Huellas N.1, Enero 2003

Un pueblo entre todos los pueblos de la tierra

Recientemente, la voz laica más autorizada de Francia, el diario Le Monde, tras realizar un sondeo reconocía que las fiestas de Navidad son las más ampliamente compartidas por el pueblo francés y que, más allá de su significado, constituyen un factor de unidad para un pueblo ya muy mestizo en cuanto a raza y cultura.
Por lo que a España se refiere desde hace algún tiempo, se viene propiciando una recupeación de la bandera y del himno nacional como signos de identidad popular y de unidad. A ello se contraponen las fuertes tensiones autonómicas.
Ampliando la mirada, muchos de los terribles acontecimientos que azotan el mundo hoy son actos de guerra entre pueblos o abusos - en sentido étnico o religioso - de un pueblo contra otro. Se justifica la guerra como defensa de la propia identidad de pueblo.
En la Unión Europea sigue el debate sobre la Carta que debería llegar a expresar los rasgos de una realidad que tiene una sola moneda pero habla cuarenta lenguas diferentes.
Además, en momentos de recesión económica y estrecheces, no faltan los llamamientos de muchos políticos que apelan a la conciencia de pueblo para afrontar con espíritu solidario recortes y sacrificios necesarios.
Así pues, a pesar de los más de quinientos años de insistencia cultural, religiosa y política en la presunta autonomía del individuo, nos apremia más que nunca ahondar en lo que significa ser un pueblo, aunque la palabra suene hueca para la mayoría, como una figura retórica o asociada a imágenes de “hinchada” o “facción”.
La historia ha visto el apogeo y la ruina de grandes pueblos muy diferentes entre sí.
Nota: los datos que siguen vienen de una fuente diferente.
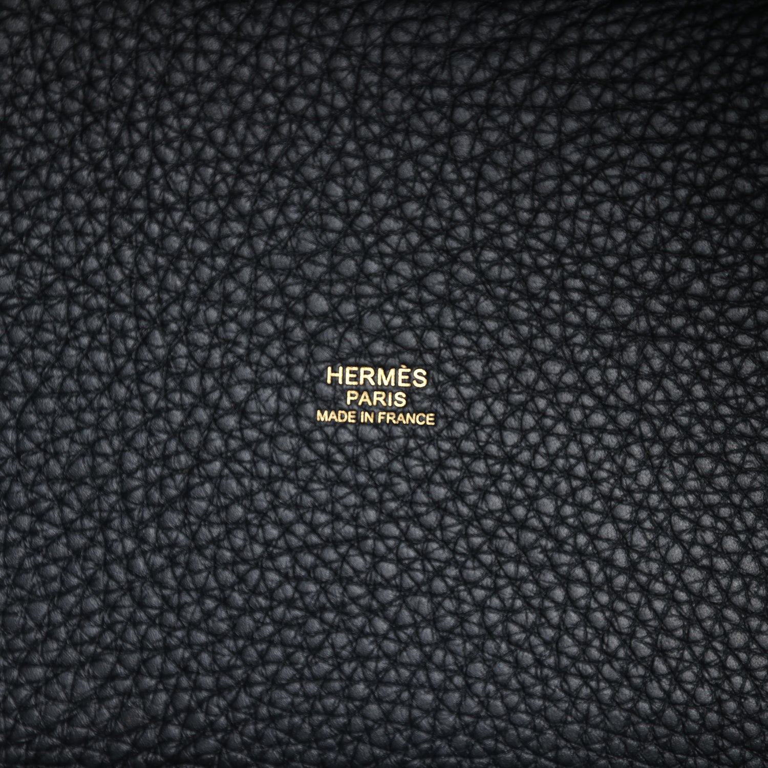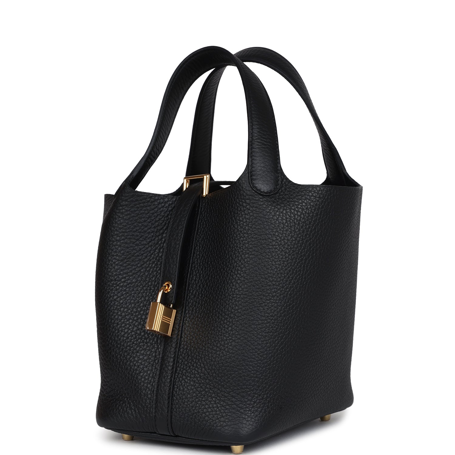 This Picotin Lock is in Black clemence leather with gold hardware and has tonal stitching with two top handles.

Algunos dejaron huellas fastuosas, otros débiles. Lo que les unía, bien el genio político de un caudillo, la tierra o intereses comunes, bien la adoración de unos mismos dioses, no les ahorró el hundimiento. Han desaparecido. Y así sucederá siempre.
Pero entre los pueblos hay uno que se distingue de todos los demás. El pueblo cristiano es sui generis (Pablo VI), es un pueblo hecho a su manera. Su origen no reside en un evento del pasado sino del presente, en un hecho que lo acompaña siempre: «Estaré con vosotros todos los días hasta el fin del mundo». Así lo prometió Jesús a los suyos, a ese grupito un tanto desvalido que, comiendo y viviendo con Él, estaba en los albores del pueblo y de la era cristianos, y que cabía entero bajo el pórtico de Salomón, tan escasa era su relevancia social.
Nada más que el amoroso reconocimiento de Cristo presente conservará vivo al pueblo cristiano. Aquí radica su gran diferencia con el pueblo judío, del que salieron los cristianos con fuerza original. La Alianza con Dios - aventura incomparable que puede sucederle a un hombre y al pueblo que nace de ella - adquirió la fisonomía de una joven mujer con su hijo en brazos. Aquella alianza se cumplió de un modo inesperado en un acontecimiento que llena el corazón de quienes lo encuentran, sin imponer ninguna condición previa, ni leyes ni costumbres. «Os he llamado amigos», dijo Dios en una tarde muy concreta de la historia, estableciendo en esa amistad que tiende al destino el vínculo nuevo que crea Su pueblo. Un vínculo que no nace de la sangre, el consenso político o las leyes comunes. El pueblo cristiano se reconoce sólo en esa amistad. Ninguna bandera, himno o estrategia podrán mantener con vida a ese pueblo sui generis que creó y crea historia. Dicho pueblo vive por el mismo asombro de María ante el Acontecimiento que tocó su carne. Entonces, toda labor o testimonio, toda empresa social u obra desconocida que se lleva a cabo a la luz de esa conciencia, se convierte en esperanza para todos. Y todo dolor, amor, temor y alabanza, pueden reconocerse y alzarse en un canto común, signo sencillo y admirable de la vida de un pueblo, única arma en la desarmada batalla frente a quienes atentan contra su existencia.